(Records from a data collection)
◆ ◆ ◆ ◆ ◆
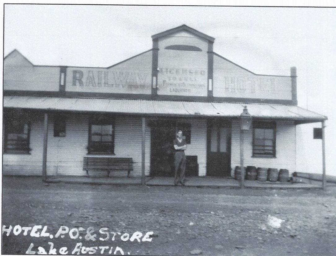
Figure 22 - Hotel, Post Office & Store Lake Austin c.1900

When May Vivienne passes through The Island (Austin) c.1899, she states that:
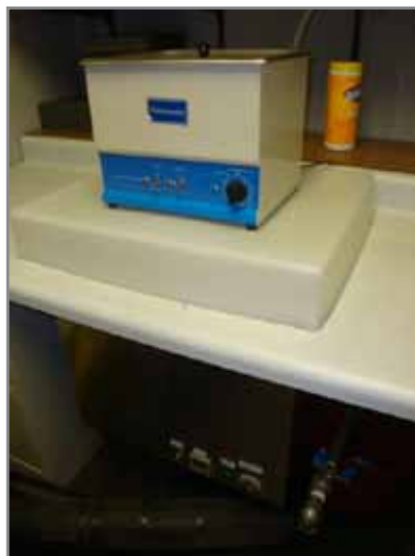
VARIOUS ULTRASONIC WASHERS
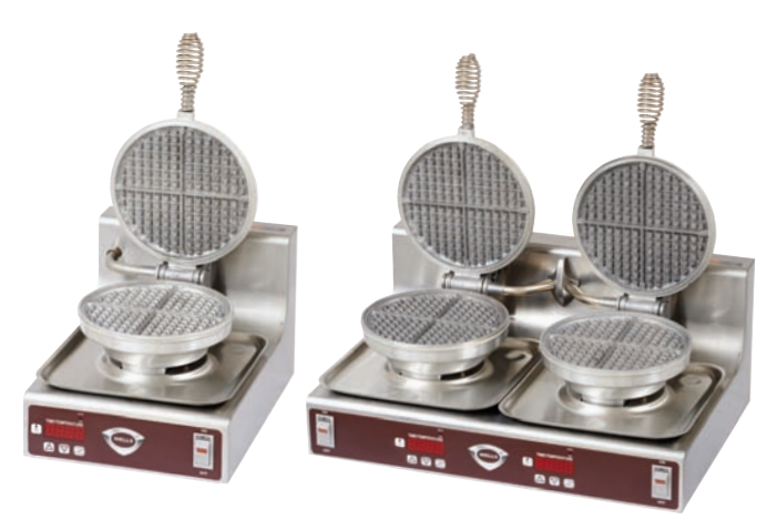
Models WB-1E & WB-2E
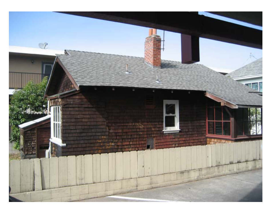
Side Elevation (South)
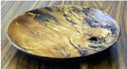
Jim Newport made this beautiful splatted shallow bowl
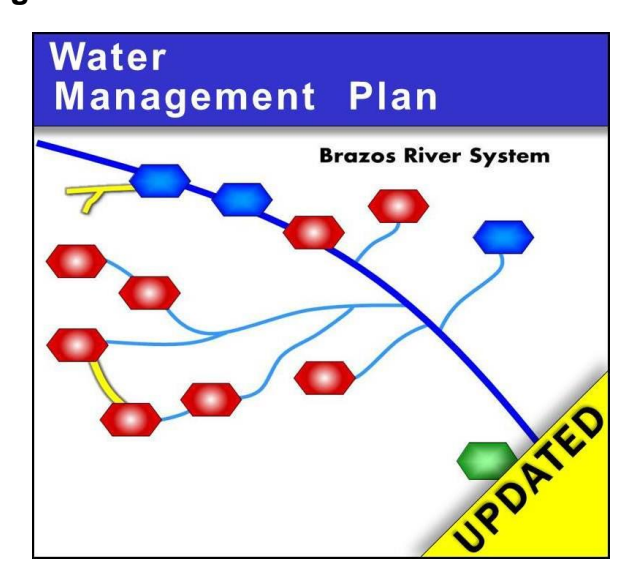
Figure 1.5 - Dedicated WMP Website Access

The stakeholder process also included development of a special section or mini-site within the BRA website, dedicated solely to the WMP. The mini-site was developed with a unique ability for the public not only to view documents, but also to post comments/questions and receive answers about the WMP. The site is accessible by clicking the WMP icon/logo posted on the BRA home page (Figure 1.5) and went live on May 18, 2012.
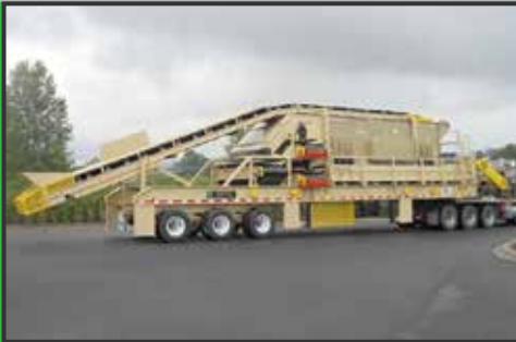
2018 Portable Model P7203 IOC Screen Plant Tri-axle chas. c/w brakes & lights, 2018 C/R 7x20 3 deck hor. screen, 50HP screen drive motor, 42" O/H feed belt w/ 20HP drive motor, 72" U/S belt w/ 20HP motor, (2) 36" cross belt w/ 7.5HP mot. head pulleys, belt scrapers on all belts, (4) hyd. levelling legs, 100" cord pkg., c/w cord ends P.O.R.
◆ ◆ ◆ ◆ ◆
| What you are asked to do |
Write out, exactly and with no pictures, the lines of the data from the first through the line containing "Figure 1.5 - Dedicated WMP Website Access".

| Exercise result |
Figure 22 - Hotel, Post Office & Store Lake Austin c.1900

When May Vivienne passes through The Island (Austin) c.1899, she states that:
VARIOUS ULTRASONIC WASHERS
Models WB-1E & WB-2E
Side Elevation (South)
Jim Newport made this beautiful splatted shallow bowl
Figure 1.5 - Dedicated WMP Website Access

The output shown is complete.